Fong Ton Jue’s history is also documented through the writings of his son, Arthur. Both the Chong and the Jue families are justly proud of their ancestors’ roles in San Rafael’s past, particularly as active members of the First Presbyterian Church and supporters of the Chinese Mission.

First Presbyterian Church

San Rafael’s , founded in 1869, had reached out to the Chinese community in missionary work since the 1870s. Reverend James McDonald noted the opening of a mission school in 1876 “in the rear of a new mission house on C Street near Fourth.”

Chinese members of First Presbyterian’s congregation were mainly cooks and domestic workers who worked for Marin’s wealthy estate owners. According to Arthur Jue, “The congregation of Chinese were family cooks from prominent families of Marin.

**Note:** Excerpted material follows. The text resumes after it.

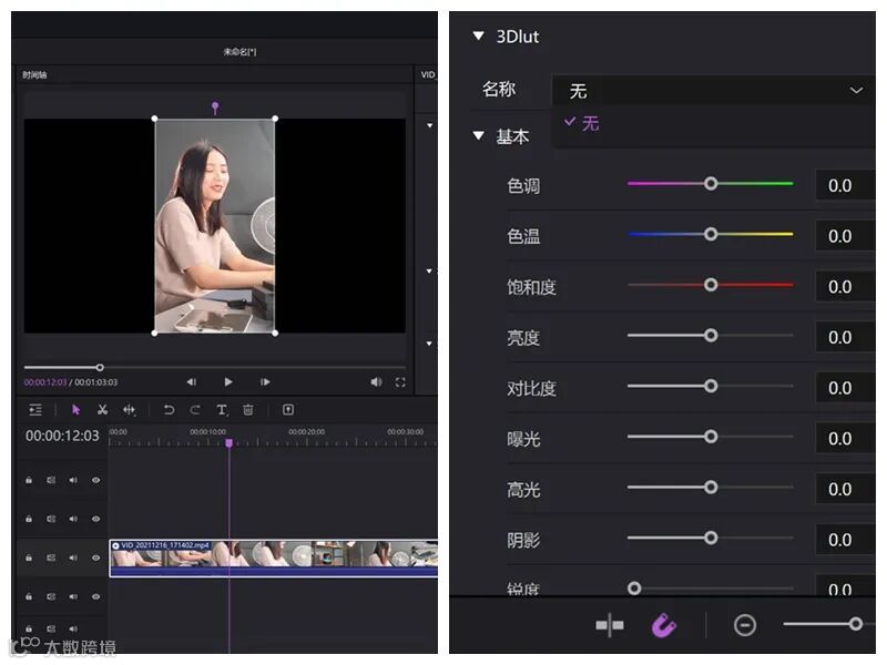 支持准专业级的3d lut调色效果,导入调色cude一秒迁移电影级调色。

Once a year a party was given and all the Chinese would invite their boss to the party. It was the greatest party ever seen and the food was upper superb. All the cooks took a pride in presenting their favors of cakes and other goodies.”

The Chinese Mission

The  mission provided Chinese immigrants with a gathering place and lessons in English and religion. The 1890 Report of the Boards of the Presbyterian Church in the USA General Assembly summarizes activity at the San Rafael Chinese Mission:

“The Sabbath school and the prayer-meetings have been encouraging. Arthur Crosby (a minister and founder of the Tamalpais Military Academy) and Elder Charles H. Fish have done much by their teaching and kind words. The scholars meet a part of the expense of the school. Contributions for all purposes were $ 191.”

Purchase of Mission Building

The year 1893 saw the founding of a Chinese Young Men’s Christian Association composed of First Presbyterian Church members.

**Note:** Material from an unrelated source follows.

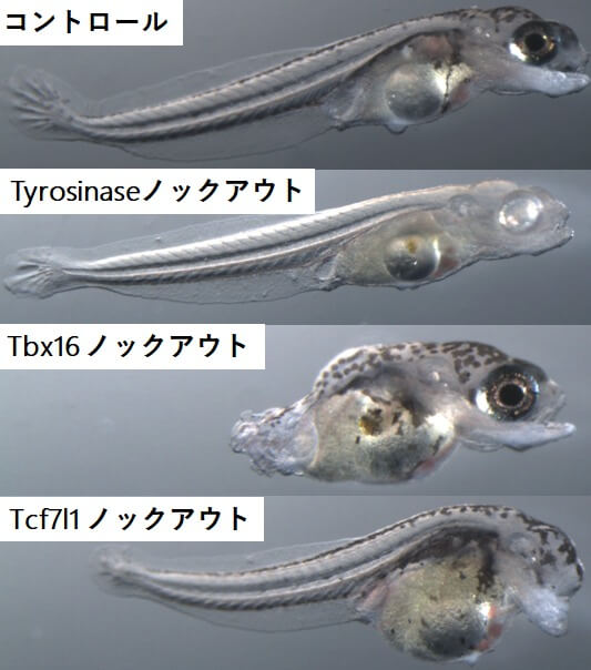 ターコイズキリフィッシュの遺伝子の動態やその機能を高速でかつ簡便に解析する手法を開発。遺伝子につき3種類のsgRNA(シングルガイドRNA:はさみ役のcas9を標的DNA配列へ誘導するように設計された短いRNA)をインジェクションした後、10日目の受精卵。

In 1902 church elder Charles H. Fish and Reverend Nan D. Soo, with several supporters, including Fon Ton Jue, Nettie Shaver and Mrs. Harriot B. Shaver, raised $1,988 to purchase a building to house the mission at 926 C Street.

According to church notes, “At that time in San Rafael there were many Chinese young men. They had no wholesome place to gather and consequently no effective uplift work was done.”

The mission made rooms available for those in need. At first, a minister from San Francisco visited the mission bi-weekly. Eventually Reverend Soo Hoo Nam Art, the third Chinese to become a minister in the U.S., took responsibility for the mission.

1906 Earthquake and Fire

During the summer after the 1906 Great Fire and Earthquake, the mission provided housing for Donaldina Cameron and her ‘mission family’ of 60 young girls and women whom she had rescued from forced prostitution in San Francisco’s Chinatown. The group first found shelter at the San Francisco Theological Seminary in San Anselmo, then moved to the San Rafael Mission on C Street.

According to the 1907 Report of the Boards, “Three more young girls were rescued the week before (the 1906 Earthquake), one a little child four years old whom Miss Cameron found in a disreputable house.”

The report describes the post-earthquake conditions, “San Rafael opened wide its doors and proved a peaceful haven during a very turbulent summer…Rooms were scarce as the house was small, but the grounds were large and tents and outbuildings were filled with refugees. The rose arbor was pressed into service for the Occidental School. The Home School had a spacious tent for shelter from the burning rays of the sun.”

In the fall, Donaldina Cameron moved her group to Oakland and finally returned to San Francisco in March, 1908.

Bronze Bells

Both Soo Chong  and Fon Ton Jue were long-time trustees of the mission. First Presbyterian Church’s ten bronze bells, originally donated to the church by steamship and lumber magnate Captain Robert Dollar and his wife, were reinstalled when the church was renovated. The largest of these bronze bells was dedicated as a memorial “in honor of the San Rafael Chinese Mission by Mr. and Mrs. Soo Chong and Mr. Ton Jue, Trustees.”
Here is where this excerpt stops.